D. Bespreking van de verweren
Vrijspraak feit 2 primair
Naar het oordeel van de rechtbank is niet wettig en overtuigend bewezen hetgeen aan de verdachte onder 2. primair is ten laste gelegd.
De rechtbank overweegt hiertoe het volgende.
Gelet op de feiten en omstandigheden, zoals deze uit de bewijsmiddelen zijn gebleken en welke hiervoor onder de Inleiding zijn beschreven, kan naar het oordeel van de rechtbank niet bewezen worden geacht dat de aanmerkelijke kans heeft bestaan dat [slachtoffer 2] door de klap met het mes tegen zijn hoofd zou zijn komen te overlijden. Ook de beschrijving van het letsel in de medische verklaring biedt voor een dergelijke conclusie onvoldoende houvast. De onder feit 2 primair ten laste gelegde opzet op de dood van [slachtoffer 2] is dan ook niet bewezen, ook niet in de variant van het voorwaardelijk opzet.
Verdachte dient om die reden te worden vrijgesproken van dit feit.

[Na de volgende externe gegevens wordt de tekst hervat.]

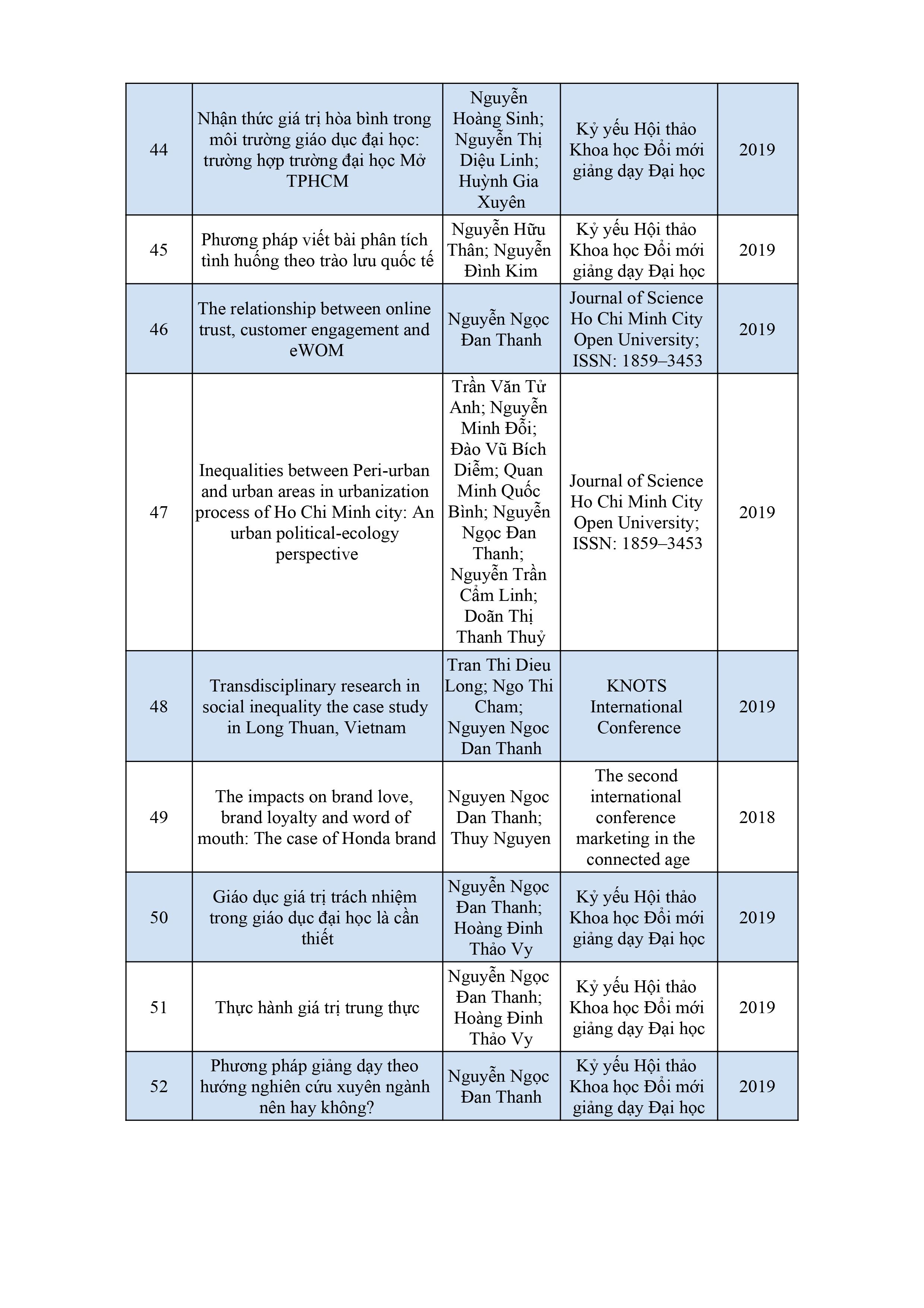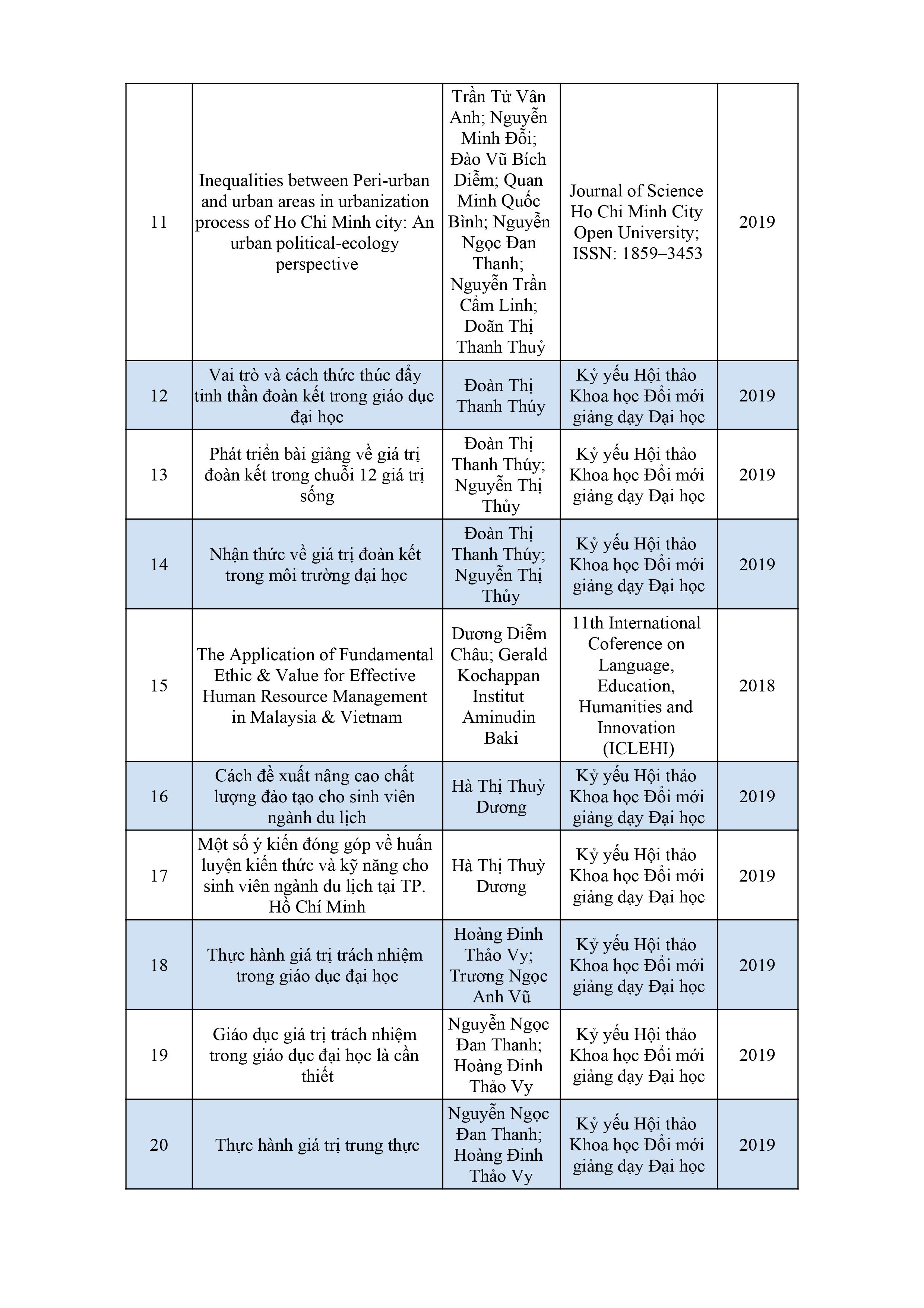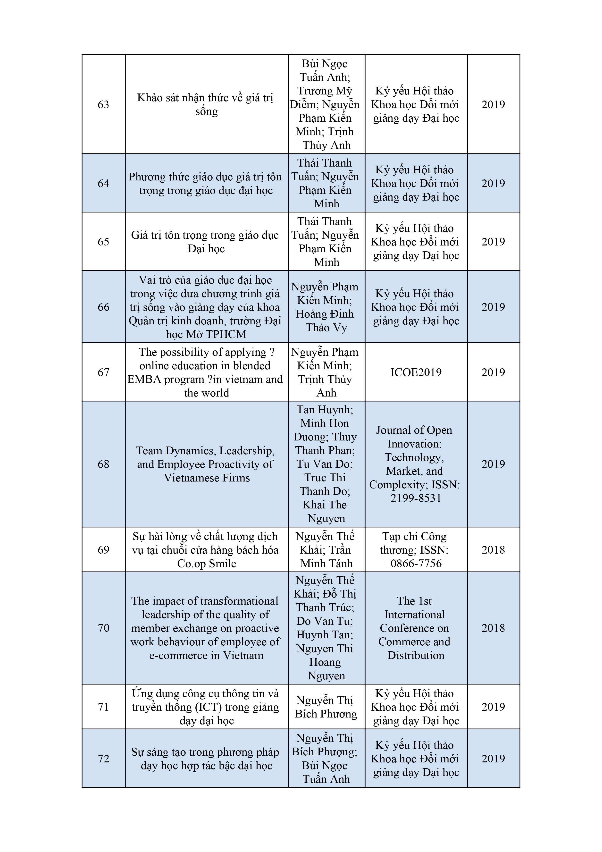 Danh sách bài báo khoa học của giảng viên năm 2017 - 2018

Ten aanzien van feit 2 subsidiair overweegt de rechtbank als volgt:
De rechtbank acht wel bewezen dat verdachte opzet heeft gehad op het toebrengen van zwaar lichamelijk letsel door met een mes in de hand uit te halen naar het gezicht van [slachtoffer 2]. De kans dat [slachtoffer 2] daardoor zwaar lichamelijk letsel zou oplopen, kan naar het oordeel van de rechtbank als aanmerkelijk worden beschouwd.
Ten aanzien van het verweer van de raadsman dat verdachte niet het opzet, ook niet in voorwaardelijke zin, heeft gehad op de dood van [slachtoffer 1], zoals ten laste gelegd onder 1., overweegt de rechtbank als volgt.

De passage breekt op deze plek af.